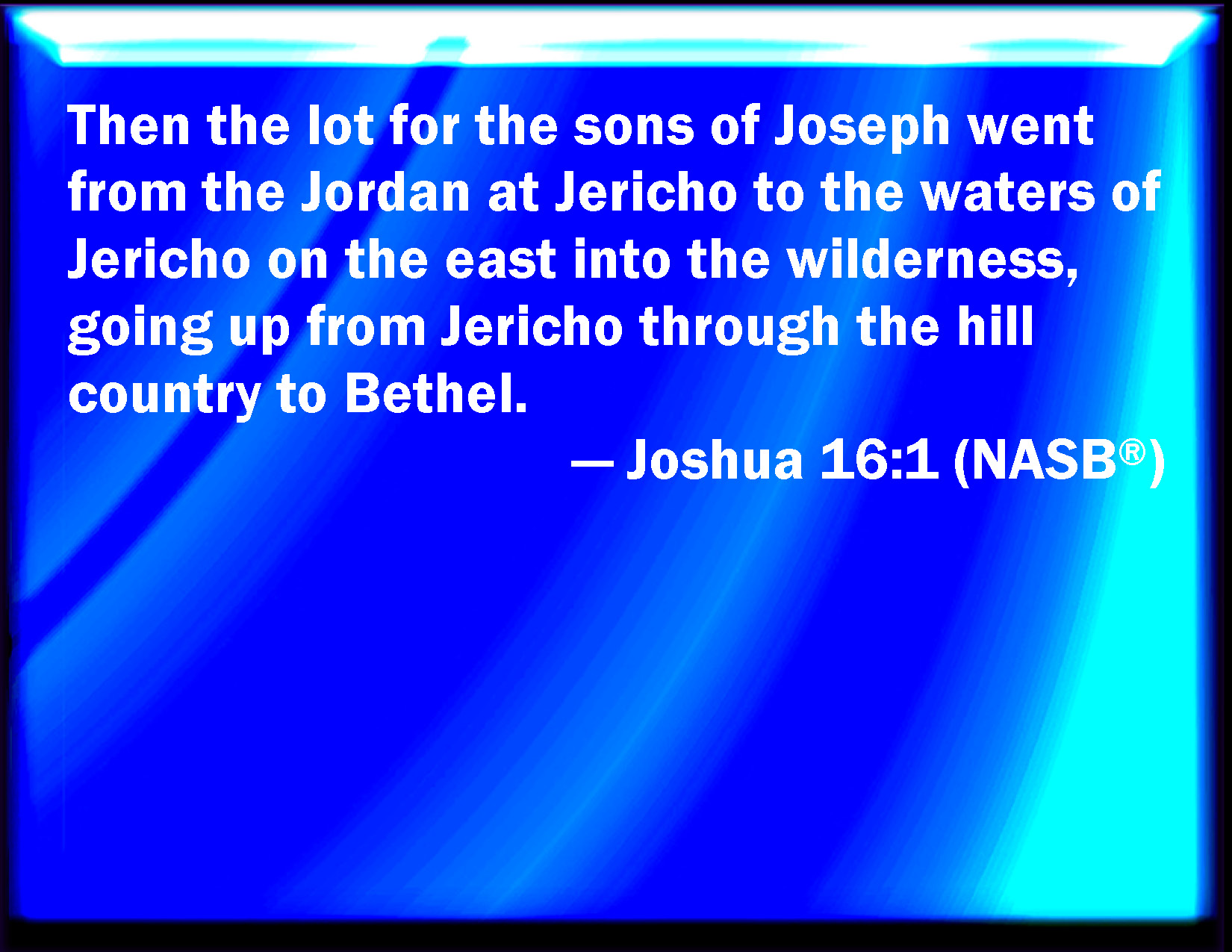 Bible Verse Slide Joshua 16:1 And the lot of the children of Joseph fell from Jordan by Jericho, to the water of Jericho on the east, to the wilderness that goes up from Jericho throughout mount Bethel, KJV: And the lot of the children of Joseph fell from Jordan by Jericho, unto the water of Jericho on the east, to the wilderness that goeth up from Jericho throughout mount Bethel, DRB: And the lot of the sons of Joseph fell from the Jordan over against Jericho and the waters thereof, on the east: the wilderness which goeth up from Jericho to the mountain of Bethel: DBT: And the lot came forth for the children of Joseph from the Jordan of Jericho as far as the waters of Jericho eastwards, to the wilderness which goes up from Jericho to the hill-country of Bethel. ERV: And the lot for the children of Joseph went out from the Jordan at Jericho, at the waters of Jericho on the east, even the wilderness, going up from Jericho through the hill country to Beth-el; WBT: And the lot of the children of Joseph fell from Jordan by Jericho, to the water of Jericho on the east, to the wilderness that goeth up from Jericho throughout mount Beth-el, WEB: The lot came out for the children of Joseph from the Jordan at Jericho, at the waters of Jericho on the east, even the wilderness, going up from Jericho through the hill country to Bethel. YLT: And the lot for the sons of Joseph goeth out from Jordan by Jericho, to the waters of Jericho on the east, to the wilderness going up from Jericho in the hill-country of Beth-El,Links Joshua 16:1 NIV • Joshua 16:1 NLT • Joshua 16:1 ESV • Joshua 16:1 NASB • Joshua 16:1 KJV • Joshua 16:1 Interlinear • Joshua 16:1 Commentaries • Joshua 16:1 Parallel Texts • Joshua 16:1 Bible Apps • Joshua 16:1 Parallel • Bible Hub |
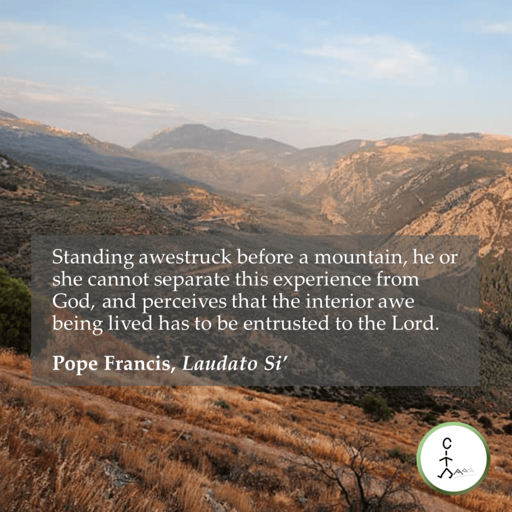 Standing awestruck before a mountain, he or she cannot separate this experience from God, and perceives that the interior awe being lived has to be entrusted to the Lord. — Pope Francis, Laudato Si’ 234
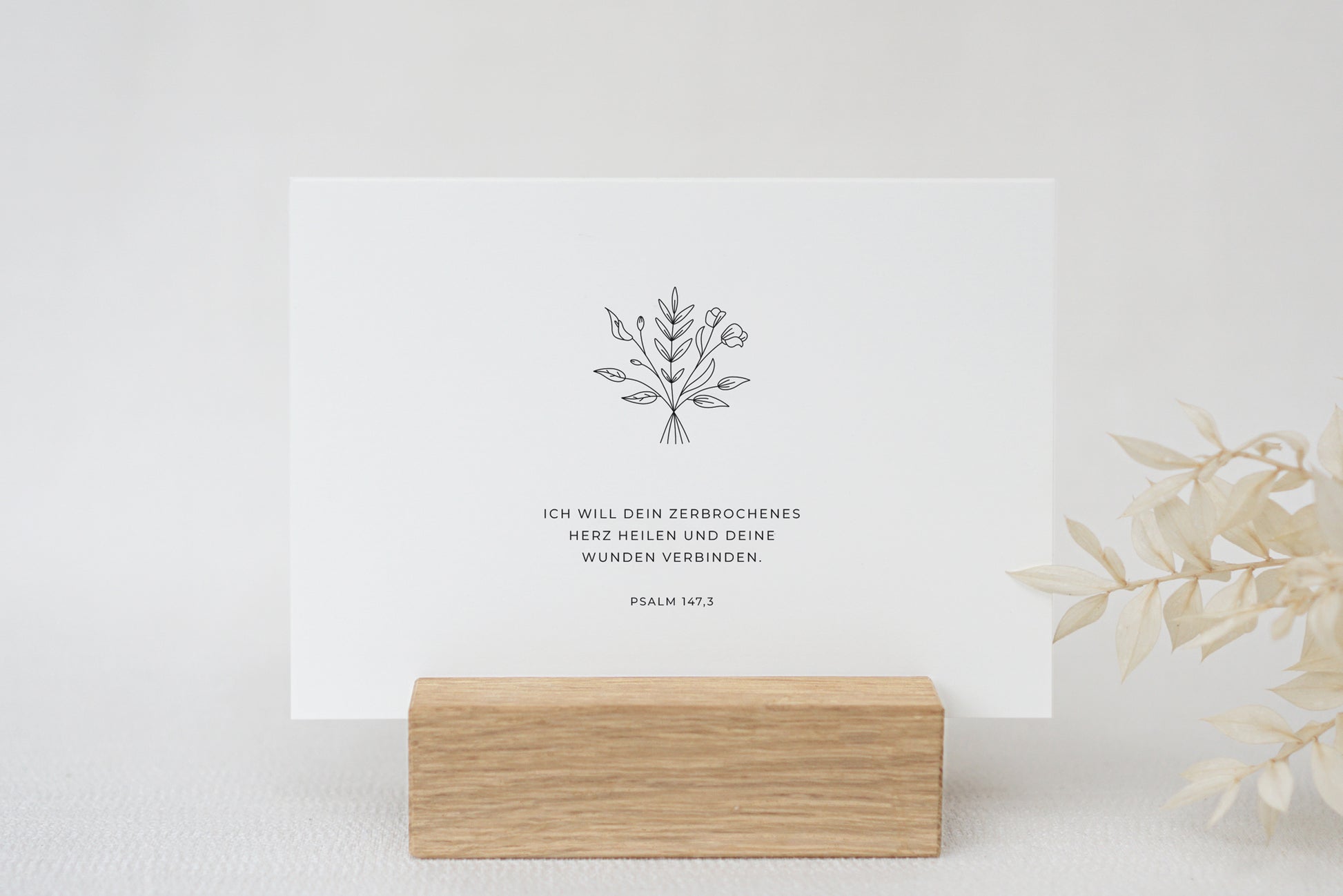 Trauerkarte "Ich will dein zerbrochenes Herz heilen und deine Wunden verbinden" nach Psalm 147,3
:::::
### What this task involves
All that is needed is the span from the line with "Standing awestruck before" through the last line of the material above, reproduced exactly and free of pictures.

### Response area
 Standing awestruck before a mountain, he or she cannot separate this experience from God, and perceives that the interior awe being lived has to be entrusted to the Lord. — Pope Francis, Laudato Si’ 234
 Trauerkarte "Ich will dein zerbrochenes Herz heilen und deine Wunden verbinden" nach Psalm 147,3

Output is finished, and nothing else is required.